Once the pictures are set aside, print the records that follow exactly as written.
○ ○ ○ ○ ○
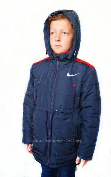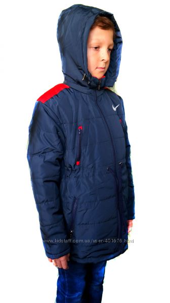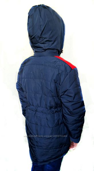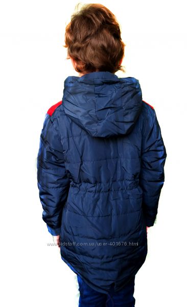 Детская, осенне-весенняя, удлиненная парка на утеплителе, с капюшоном. Капюшон отстегивается. По бокам внизу и вверху прорезные карманы на молнии. Куртка застёгивается на молнию.Цвет синий с красной отделкой Качественный пошив.
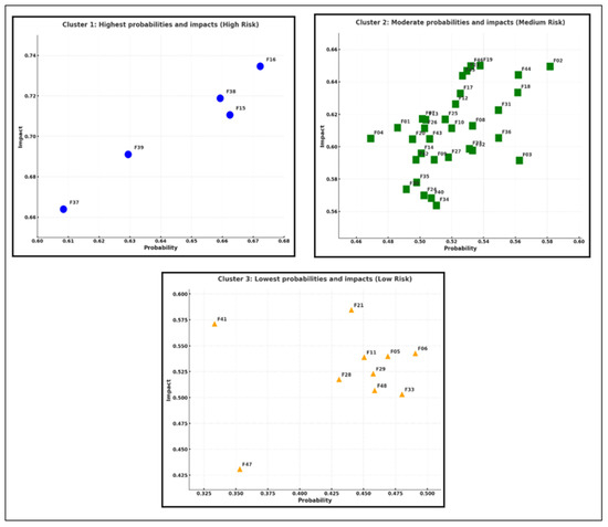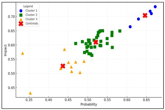 The K-means clustering analysis grouped these factors into three separate clusters based on their probability and impact scores: Cluster 1 (High Risk) includes Inflation (F16), Currency Issues (F38), Cost of Materials (F15), Market Fluctuations (F39), and Economic Challenges (F37). These factors exhibit the highest probabilities (0.61–0.67) and impacts (0.66–0.73), emphasizing their critical influence on cost increases. Cluster 2 (Medium Risk) encompasses 33 critical factors. These factors have moderate probabilities (0.47–0.58) and impacts (0.56–0.65). Cluster 3 (Low Risk) includes 10 factors with the lowest probabilities (0.33–0.49) and impacts (0.43–0.58).
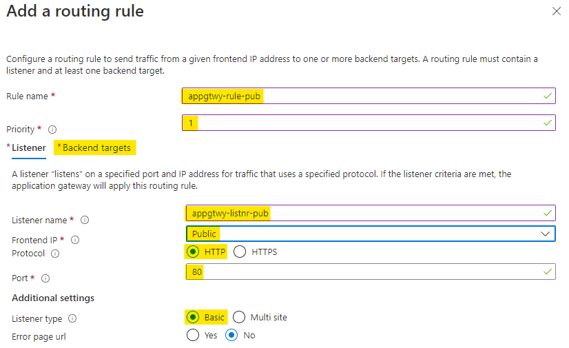 Name this rule as appgtwy-rile-pub and set the priority as 1
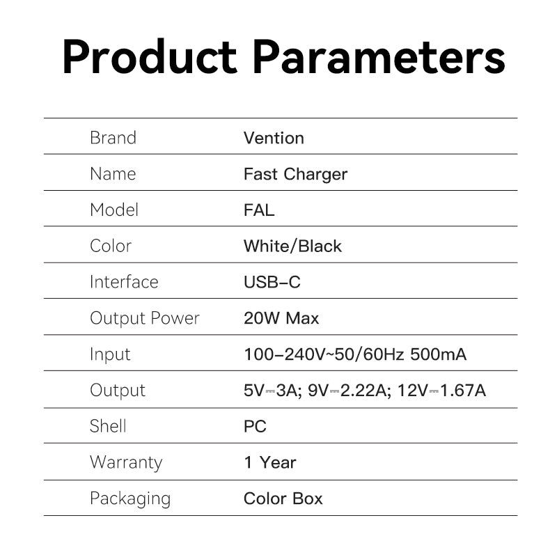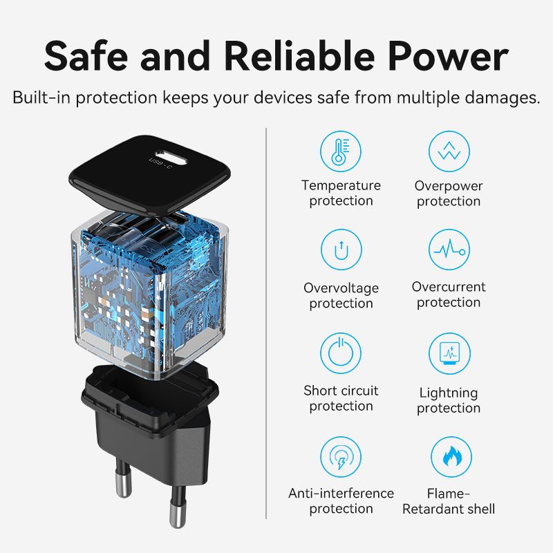 Hình ảnh Củ sạc nhanh mini Vention Super-Small 1-Port PD Quick charger 20W (Type C, Smart & Safe, EU/US-Plug)
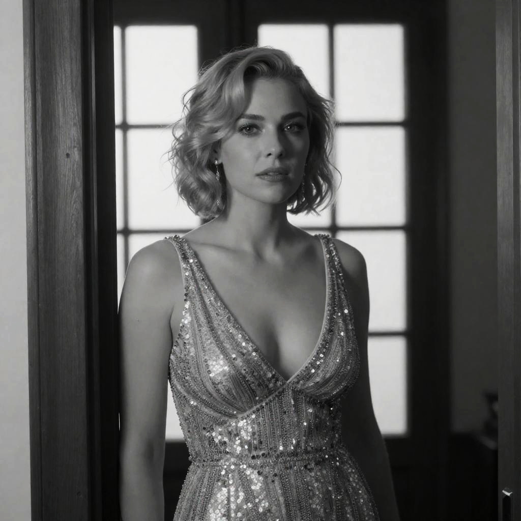 Black-and-white photograph of a woman with wavy blonde hair, intense gaze, wearing a dark cardigan with white straps. Background includes a ured wall, black lamp, and striped curtains. Woman centered, upper body visible.
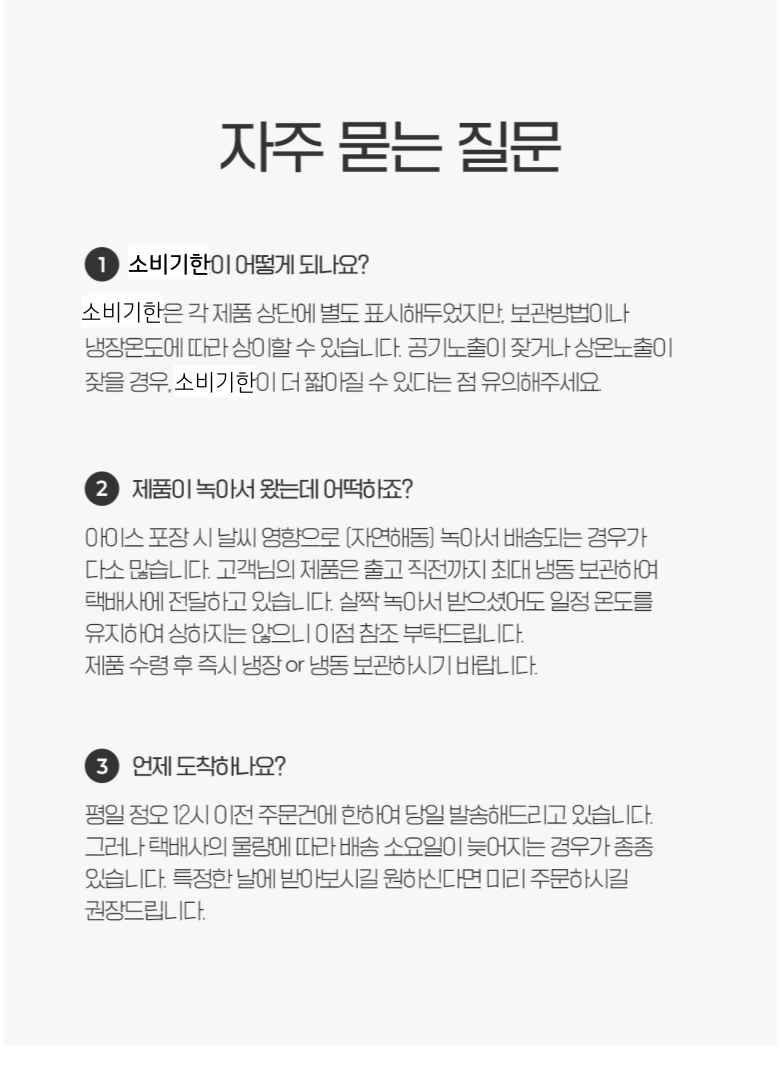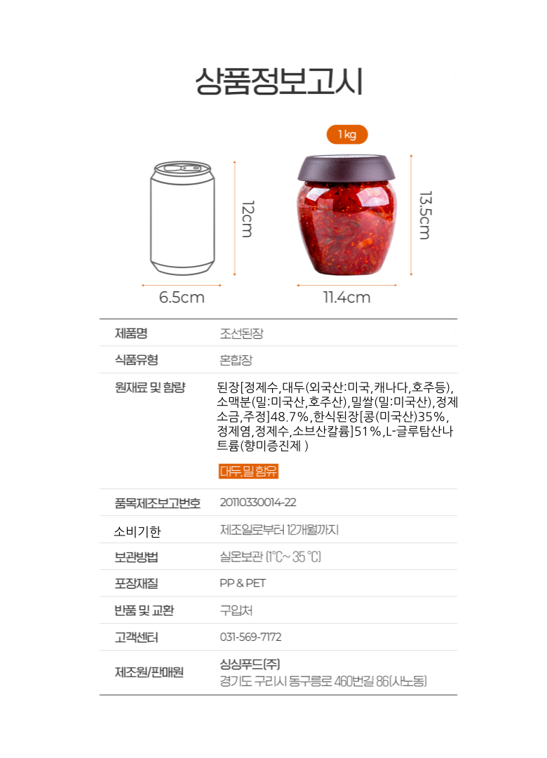 | 생산자 및 소재지 | 상품 상세페이지 참조 | 제조연월일, 소비기한 또는 품질유지기한 | 상품 상세페이지 참조 |
○ ○ ○ ○ ○
Exercise answer →
 Детская, осенне-весенняя, удлиненная парка на утеплителе, с капюшоном. Капюшон отстегивается. По бокам внизу и вверху прорезные карманы на молнии. Куртка застёгивается на молнию.Цвет синий с красной отделкой Качественный пошив.
 The K-means clustering analysis grouped these factors into three separate clusters based on their probability and impact scores: Cluster 1 (High Risk) includes Inflation (F16), Currency Issues (F38), Cost of Materials (F15), Market Fluctuations (F39), and Economic Challenges (F37). These factors exhibit the highest probabilities (0.61–0.67) and impacts (0.66–0.73), emphasizing their critical influence on cost increases. Cluster 2 (Medium Risk) encompasses 33 critical factors. These factors have moderate probabilities (0.47–0.58) and impacts (0.56–0.65). Cluster 3 (Low Risk) includes 10 factors with the lowest probabilities (0.33–0.49) and impacts (0.43–0.58).
 Name this rule as appgtwy-rile-pub and set the priority as 1
 Hình ảnh Củ sạc nhanh mini Vention Super-Small 1-Port PD Quick charger 20W (Type C, Smart & Safe, EU/US-Plug)
 Black-and-white photograph of a woman with wavy blonde hair, intense gaze, wearing a dark cardigan with white straps. Background includes a ured wall, black lamp, and striped curtains. Woman centered, upper body visible.
 | 생산자 및 소재지 | 상품 상세페이지 참조 | 제조연월일, 소비기한 또는 품질유지기한 | 상품 상세페이지 참조 |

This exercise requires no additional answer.